Le tribunal judiciaire de Bourg-en-Bresse, statuant le 31 juillet 2025, examine une action en garantie des vices cachés. Un acheteur profane a acquis un véhicule d’occasion auprès d’un vendeur professionnel. Le véhicule s’est révélé impropre à la circulation peu après la vente. Le tribunal prononce la résolution de la vente et accorde une indemnisation complète. Il retient la présomption de connaissance des vices pesant sur le vendeur professionnel.

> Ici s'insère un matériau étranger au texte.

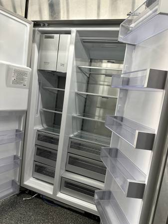 Dacor Built in Refrigerator 42” wide stainless steel side by side Water & ice on door Led lighting // energy efficient Working great no issues Adjustable shelving Store warranty included ++ SAME...

La caractérisation rigoureuse du vice caché
La démonstration de l’impropriété à l’usage contractuel
Le juge constate l’existence de vices cachés au sens de l’article 1641 du code civil. Les défaillances moteur et de direction étaient préexistantes à la vente. Le rapport d’expertise établit qu’elles rendaient le véhicule impropre à la circulation. L’acheteur profane a légitimement fondé sa décision sur un contrôle technique favorable. La survenance des pannes moins d’une semaine après l’acquisition est significative.
La preuve est ainsi apportée que la chose vendue présentait des défauts cachés. Ces défauts la rendaient impropre à l’usage normal attendu par l’acquéreur. Le tribunal déclare fondée l’action en garantie sur le fondement de l’article 1644. La résolution de la vente et la restitution du prix s’imposent en conséquence.
La portée de l’engagement préalable du vendeur
Le comportement du vendeur professionnel renforce la qualification de vice caché. Il avait initialement proposé un échange ou un remboursement par écrit. Cette proposition intervient après réception du premier devis de réparation. Elle constitue un aveu implicite de la gravité des dysfonctionnements constatés. Le vendeur n’a finalement pas honoré son propre engagement contractuel.
Cet élément factuel vient consolider la conviction du juge sur l’existence du vice. La mauvaise foi du professionnel se trouve indirectement établie par son attitude. La garantie légale trouve ainsi une application d’autant plus justifiée en l’espèce.
La condamnation du vendeur professionnel de mauvaise foi
L’application de la présomption de connaissance des vices
Le tribunal applique la présomption de connaissance des vices au vendeur professionnel. Il rappelle la jurisprudence constante sur l’obligation de diligence. « Il est de jurisprudence constante que les vendeurs professionnels sont tenus de connaître les vices affectant la chose vendue. Il repose ainsi sur eux une présomption de connaissance des vices. » (Motifs). Cette présomption justifie le recours à l’article 1645 du code civil.
La qualité professionnelle du vendeur est au cœur du raisonnement juridique. Elle entraîne une obligation renforcée de contrôle et d’information envers l’acheteur. Le défaut de comparution n’a pas empêché le juge de statuer au fond. Il a qualifié les faits en se fondant sur les éléments probants du dossier.
L’indemnisation intégrale des préjudices subis
Le juge accorde une réparation complète pour tous les chefs de préjudice invoqués. L’indemnisation couvre le prix d’achat et les frais accessoires directement liés. Les dépenses d’assurance et d’immatriculation du véhicule inutilisable sont remboursées. Le préjudice de jouissance est évalué forfaitairement à trois mille euros. Les frais de dépannage et de location d’un véhicule de remplacement sont également alloués.
Cette décision illustre l’étendue de la réparation en cas de vice caché connu. Le professionnel doit assumer toutes les conséquences dommageables de sa faute. La somme totale accordée dépasse largement le simple remboursement du prix payé. L’article 700 du code de procédure civile trouve aussi application pour les frais irrépétibles.